Getting Bayesian model software to work in R

NOTE FOR USDA EMPLOYEES: Currently (February 2024), it is not possible for users of USDA laptops to configure brms to work with CmdStanR. Please follow the instructions below, skipping the CmdStanR section.

My preferred setup for Bayesian models in R is to use the brms modeling package. brms is a R interface that allows you to write multilevel models with simple code that has similar syntax to the common mixed-model package lme4. “Behind the scenes” it fits a Bayesian model with the software Stan that has a state-of-the-art algorithm coded in C++ for quickly and efficiently sampling posterior distributions. There are two different packages that integrate between Stan and R, and you can specify which one to use in brms. While the default is rstan, the best option which makes the models run the fastest is CmdStanR. So in order to get brms working in R, you need to not only install brms but also have Stan installed on your system, and optionally CmdStanR. Then you have to set up everything so that all those pieces of software can communicate with each other.
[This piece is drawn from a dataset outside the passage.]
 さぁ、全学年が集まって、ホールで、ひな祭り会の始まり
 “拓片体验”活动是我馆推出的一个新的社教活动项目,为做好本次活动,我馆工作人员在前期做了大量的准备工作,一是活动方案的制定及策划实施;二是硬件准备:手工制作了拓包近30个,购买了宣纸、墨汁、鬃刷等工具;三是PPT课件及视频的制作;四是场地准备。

I want to give props to Paul Bürkner, the developer of brms, and all the developers of Stan including Andrew Gelman, Bob Carpenter, and lots of other people. Their hard work makes our life easier and our stats better!
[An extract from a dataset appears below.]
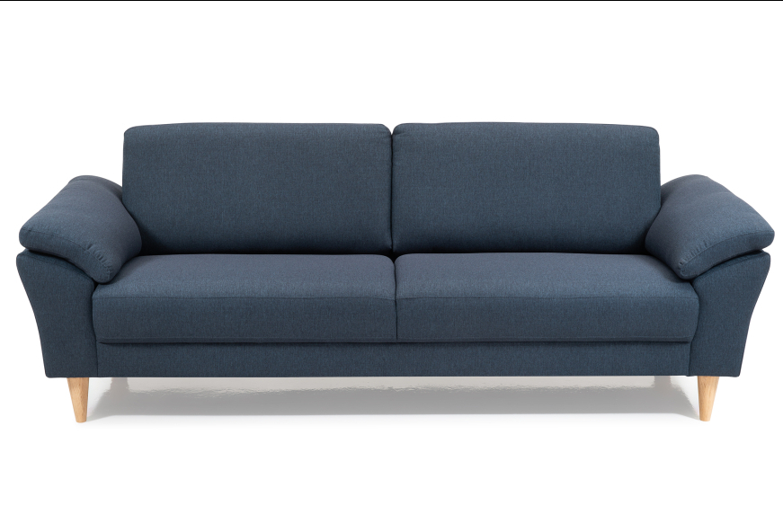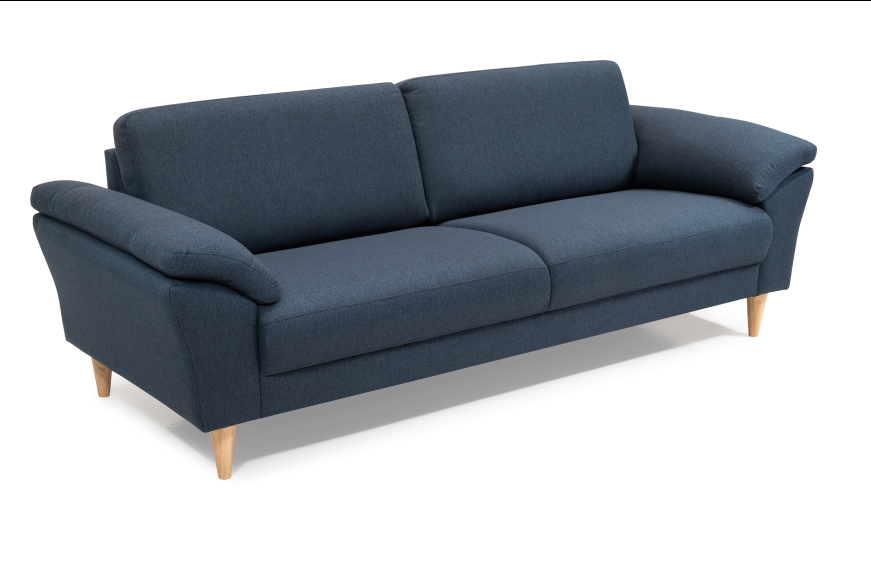 3 pers. sofa med 2 sæder. Kraftig stof. Fås også læder.

Installing brms, Stan, and Rtools

Note: these instructions are intended for Windows users with R 4.3.x installed. If you have an older version of R, please update to the latest version before installing CmdStan.
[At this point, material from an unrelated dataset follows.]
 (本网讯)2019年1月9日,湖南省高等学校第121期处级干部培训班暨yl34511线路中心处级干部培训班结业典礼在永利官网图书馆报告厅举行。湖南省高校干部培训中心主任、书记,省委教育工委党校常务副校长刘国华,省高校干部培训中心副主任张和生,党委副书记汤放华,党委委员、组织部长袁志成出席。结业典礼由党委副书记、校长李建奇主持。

Run the following code in your RStudio console. First you have to install the brms package and all its dependencies from CRAN. In addition, you will need to install the devtools package which will be required “behind the scenes” for compiling the models.

install.packages(c('brms', 'devtools'))

You will also need to install Rtools on your computer. This is a piece of software necessary for building the models on a Windows system. First, check whether Rtools is installed by running this code:

devtools::find_rtools()

If Rtools is already installed, you will see TRUE and you can go to the next step. If it is not installed, quit RStudio, go to the Rtools installation page on CRAN, and download the Rtools43 installer using the link (it’s a very large file, several hundred MB). Run the installer, and restart RStudio when the installation is complete.

Installing CmdStanR

If you are on a USDA laptop and you cannot set up your machine to work with CmdStanR, skip down to the Running brms section below to test whether brms and Stan were installed correctly. But if you want to set up CmdStanR as well, read on. This is a summary of the installation instructions on the CmdStanR homepage.

Install CmdStanR from its own repository:

install.packages("cmdstanr", repos = c("https://mc-stan.org/r-packages/", getOption("repos")))

Now, because everything will be running in C++, you need to make sure your system is configured to compile C++ programs:

library(cmdstanr)
check_cmdstan_toolchain(fix = TRUE)

Once you have confirmed that the CmdStan toolchain is configured correctly, you can install Stan (more specifically, a version of it called CmdStan):

install_cmdstan()

All of the above only needs to be done once.

Running brms

Every time you run an R session with brms, you need to load the package with

library(brms)

Then I prefer to set the following options:

options(mc.cores = 4, brms.backend = 'cmdstanr', brms.file_refit = 'on_change')

This tells brms to run four chains in parallel (set this to a smaller number if your machine will blow up if you try to run 4 cores in parallel), ensures that cmdstanr is being used to fit the models, and also allows you to load pre-fit models from a file if you call the same model again which will save you time!

If you do not have CmdStanR installed, set the options without specifying the backend: options(mc.cores = 4, brms.file_refit = 'on_change)

Testing brms

You can run this line of code which will tell brms to fit a simple model on a built-in example dataset. If it gives you a message that it is Compiling Stan model..., then progress indicators for the sampler, and then model summary output, it means everything is working!

brm(mpg~hp, data = mtcars)